Brasil e China tiveram
conversa de ‘convergência’, diz Dilma
17/12/09 - Após participar
de reunião ao lado do presidente Lula e o primeiro
ministro chinês Wen Jiabao, nesta quinta-feira (17),
a ministra-chefe da Casa Civil, Dilma Rousseff, se mostrou
otimista quanto ao diálogo dos chefes de estado,
a qual considerou "muito boa". "Foi uma
conversa de convergência porque tanto nós
como a delegação chinesa estamos preocupados
com o melhor resultado desta conferência, para que
tenha consequências que signifiquem concretamente
melhoria nas condições de vida do planeta".
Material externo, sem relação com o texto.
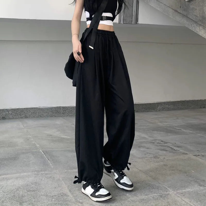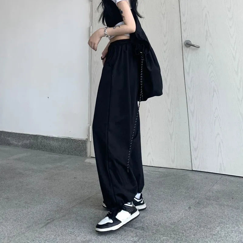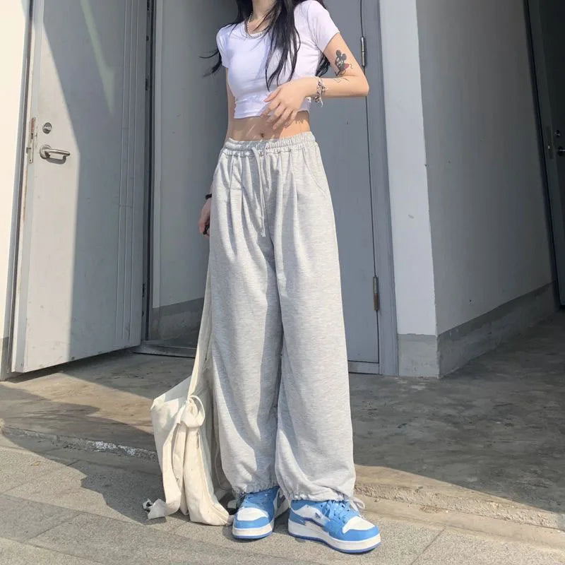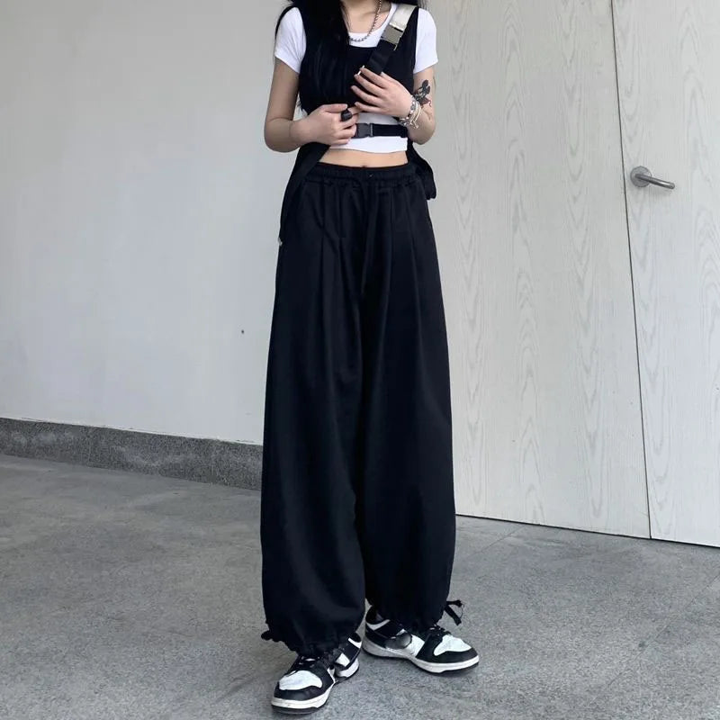 Women Retro Baggy Joggers Pants Solid Oversized Drawstring Y2K Sweatpant Woman Trendy Casual Versatile Harem Pants 2025 New

A ministra disse que tanto China
quanto Brasil concordam que deve haver uma meta para limitar
o aumento da temperatura a 2 graus Celsius acima da média
da era pré-industrial e que para isso já
anunciaram ações voluntárias para
reduzir suas emissões. Segundo Dilma, a posição
dos países é de aceitar que essas medidas
de mitigação sejam submetidas a controle
internacional quando tiverem financiamento de um fundo
internacional a ser criado, mas não deve permitir
auditoria externa quando a verba para a execução
da ação for nacional.
A ministra ressaltou a posição
do Brasil de que se mantenha o Protocolo de Kyoto, único
documento internacional de cumprimento obrigatório
a respeito de mudanças climáticas, e seja
criado um novo tratado adicional. Os países em
desenvolvimento têm acusado os ricos de desejarem
criar um novo acordo único, deixando o tema sem
um documento legalmente vinculante. A ministra da Casa
Civil, que chefia a delegação brasileira
na Conferência da ONU sobre Mudanças Climáticas,
apontou, em conjunto com o embaixador Luiz Alberto Figueiredo
Machado, negociador-chefe do país, que há
diversos pontos de um futuro acordo climático com
texto bem estruturado, entre eles o item sobre a proteção
de florestas e redução de desmatamento,
adaptação às mudanças climáticas
em países pobres, transferência de tecnologia,
capacitação, e criação de
um registro das ações mitigatórias
(de redução de emissões de carbono)
nos países em desenvolvimento.
A ministra lamentou ainda que o
presidente dos EUA, Barack Obama, só venha à
COP 15 no último dia, conforme confirmou por telefone
ao presidente Lula, já que importantes negociações
estão ocorrendo em Copenhague nesta quinta.